Hi-tech batons allow blind musicians to follow conductor for first time

Blind musicians could be able to join orchestras on equal terms - AFP
Blind musicians could be able to join orchestras on equal terms - AFP

A high-tech baton that allows blind musicians to follow a conductor for the first time has been developed, paving the way for them to join professional mainstream orchestras.

The baton, loaded with microchips, transmits the precise movements of the conductor via wireless signals to electronic wearable devices on the blind or visually-impaired musicians’ wrists or ankles.

The devices’ sensors translate the signals into vibrations and buzzes which the musicians feel, enabling them to pick up not only the beat but also the movement of the conductor’s baton in the air.

“It emulates what a sighted musician sees,” said conductor Charles Hazlewood who successfully trialled the technology with a dozen blind and sighted musicians at a performance of Beethoven’s Fifth Symphony and a new work by a South Korean composer.

Mr Hazlewood, founder of British Paraorchestra, which was set up for the disabled and played at the closing ceremony of London’s 2012 Paralympics with Coldplay, said it captured the sensation of a conductor’s movement between the beats, guiding musicians to be loud or quiet, intense or soft.

"It’s a gamechanger and has the potential to level the playing field for blind and sighted musicians,” he said. "There's no reason why a conventional baton could not be modified with the computer chip in it.

“There's no reason why any number of musicians in a symphony orchestra could not be visually impaired. That’s first time in history that could happen.”

The “haptic baton” was created by designer Vahakn Matossian based on a prototype by his father Rolf Gehlhaar, a composer and emeritus professor at Coventry University.

“This is a world first.

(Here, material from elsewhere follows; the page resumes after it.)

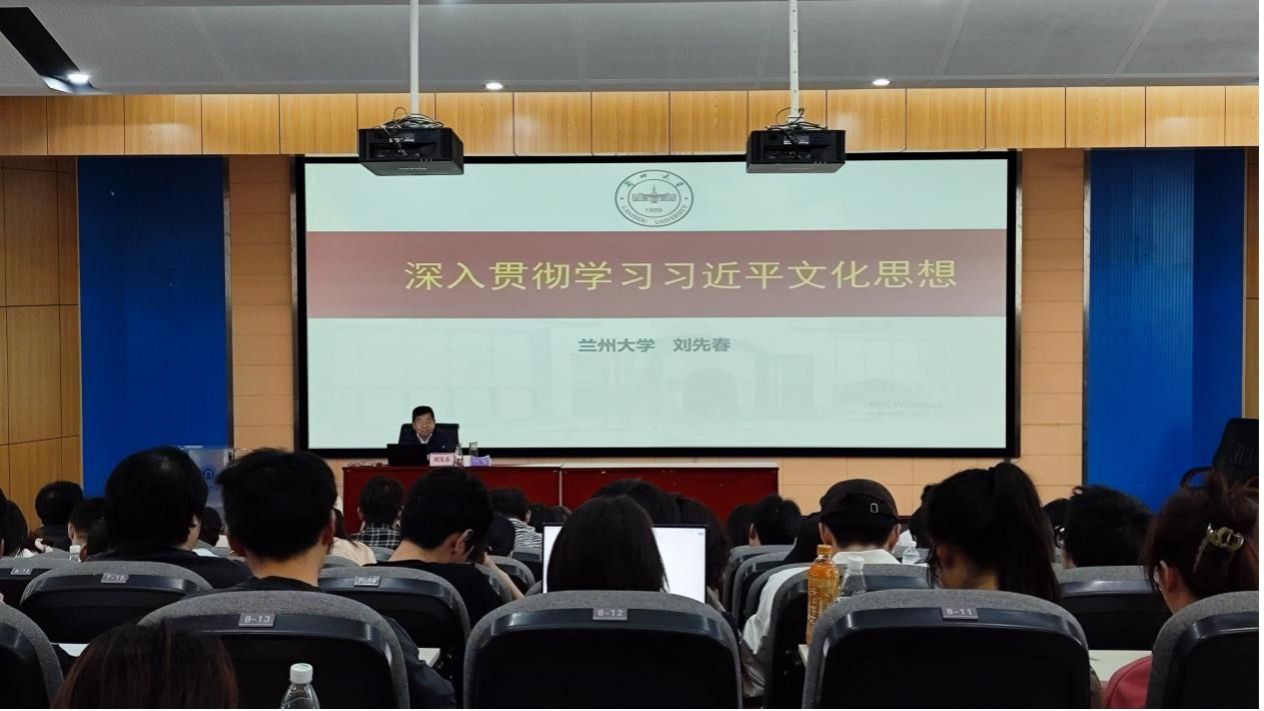 为深入学习习近平文化思想,全面贯彻落实习近平总书记在党的二十大报告和全国宣传思想文化工作会议上的重要讲话精神,4月1日上午,bw必威西汉姆联官方网站邀请兰州大学二级教授、博士生导师、中央马克思主义理论研究和建设工程首席专家刘先春教授在A12-115报告厅作“深入贯彻学习习近平文化思想”专题辅导报告。报告会由bw必威西汉姆联官方网站经理主持。公司各基层党组织书记、副书记,全体思政课教师以及2023级研究生近250人聆听报告。

No conductor has ever wirelessly transmitted simultaneously to both multiple visually impaired and sighted orchestral musicians with the same baton,” said Mr Matossian.

Pianist Rachel Starritt, the  first blind student to study a music degree at the Royal Welsh College of Music and Drama, said it could be revolutionary for blind musicians.

“It gives you more of a sense of what the conductor is thinking through the vibrations, so you know when the conductor is making a long pause when to come in,” she said.

Jonathan Harper, the paraorchestra’s chief executive, said it was liked augmented reality and it removed a barrier that has prevented talented visually-impaired musicians from joining the country's leading orchestras.